Tuesday, November 03, 2009

Aspirin, take it with a pinch of salt, and with food

Aspirin; what to do? Everyone is in a state of total discombobulation, and to make it worse, the Daily Mail confuses primary and secondary prevention:

Growing evidence in recent months has increased the view that giving aspirin for primary prevention - where patients do have symptoms of heart disease - is counter-productive.

Wrong! Wrong again, Daily Mail, just as you were about Hitler.

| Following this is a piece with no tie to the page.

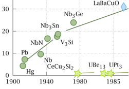 (超導體發現時間表。藍色菱形表示銅酸鹽,黃色方塊表示鐵基化合物。綠色圓圈表示二硼化鎂、低温或高壓金屬超導體)

Here's the distillation of 30 years in the consulting room:

A 300mg tab of aspirin is estimated to make you leak 10ml of blood on average, so the 75mg dose may (or may not, since nothing is proven in science) make you leak half a tsp.

In my practice I saw very little ulceration caused by aspirin-type drugs, and I always strongly advised patients to take them in the middle of a meal, so the pill is less likely to release all its goodness at one point of the gut.

This is just an anecdote. I can find no peer-reviewed, randomised double blind cross-over trial to refute the hypothesis that I (and my colleagues) give good advice on taking with food,
(a) because it is impossible to double blind, and
(puts conspiracy theory hat on)
(b) the manufacturers of proton pump inhibitors (Omeprazone &c) would lose out.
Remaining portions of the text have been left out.